Innovation was not only required in the technology employed, but in the business model of what was at the time an industry starved of the required skill sets.

 

Three years ago, future growth at structural-steel fabrication and erection company Alfasi Group was under threat because the company was beginning to exhaust the capacity of the detailing subcontractor industry.

The family business was founded by Avri Alfasi (pictured, centre, with fellow directors Saar Alfasi, left, and Gill D’Vier) when he opened a metal workshop in 1980, employs 250 and turned over more than $80 million in 2006-07. It now produces 8000 to 10,000 tonnes a year of fabricated steel.

But around 2004, the company’s continued growth was threatened by a shortage of subcontractors with detailing skills. Alfasi was not missing out on jobs but it could smell an industry trend and decided to act.

Director Saar Alfasi says: “We were using so much of subcontractors’ capacity that it just became impractical… We could see that the capacity within the entire shop detailing industry was shrinking.”

There was a shortage of skilled steel detailers – who draft steel fabrication drawings and erection plans based on architectural and engineering drawings – and there no trade courses available to replenish numbers, despite it being a very specialised skill.

The company responded by bringing the work inhouse and building up its own steel design and detailing branch.

Managing to find “enough of the right people and not too many of the wrong people” was a key issue, for the entire company as well as for the detailing branch.

As part of building up its detailing capability, the company hired 15 people from the Philippines and is now considering hiring in the UK. Although it usually takes about three months to train an overseas recruit to produce detailing to Alfasi’s standards, all the trainees have turned out to be a good fit, Alfasi says.

Enticing local detailers on board was problematic. They were hesitant at first about joining the company because of the unusual business model.
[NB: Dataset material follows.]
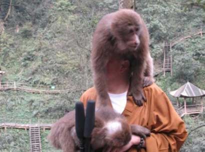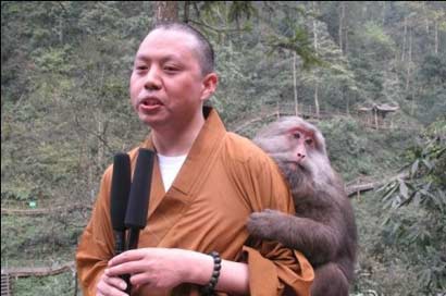 爱卖萌的延参法师遇上峨眉山猴子再次微博走红(图片来源:中国日报网)

Saar Alfasi says potential recruits had to be persuaded that the concept wasn’t “just a pie-in-the-sky idea, something that we’ll start and then give up on”. Their fear was that detailing would be a mere adjunct to the company’s fabrication and that they would have to look for another employer when Alfasi’s detailing work ran out.

Crucial to overcoming the problem was having a well-connected manager on staff who had 30 years’ of experience in the drafting industry and who was able to persuade people to join the company. Another attraction has been offering salaries that are in line with the mining industry, which has lured many detailers to it.

The decision has paid off, and the new department has become a profit centre. The group now employs 35 draftsmen, who provide a service for the entire company, including for Alfasi’s projects in Asia and the Middle East.

Alfasi says the move has helped the company win customers and projects for its steel construction business, “because everyone recognises the criticality of shop detailing in the whole steel construction business, and everyone recognises there are just not enough detailers.

“Sure, some fabricators have detailers that work for them. They might have one, or two, or three. But we have 35 and we’ve set it up as an ongoing business, which we want to take national and international. We want that business to be a major player in shop detailing in its own right.”

Alfasi would not elaborate on how much extra growth came from the strategy, except to say “it has been very profitable. It’s been a worthwhile experience.”

The company now wants to pursue the detailing market in the United States over the next 12 to 18 months. Alfasi says the US requires a large amount of offshore detailing services to supplement its local supply. He will make sure the local detailing business can handle the process before he goes ahead. Alongside the US strategy would be a tilt at supplying detailing to the mining industry.

Alfasi hopes the company will have about 70 detailers on its payroll in about three years from now.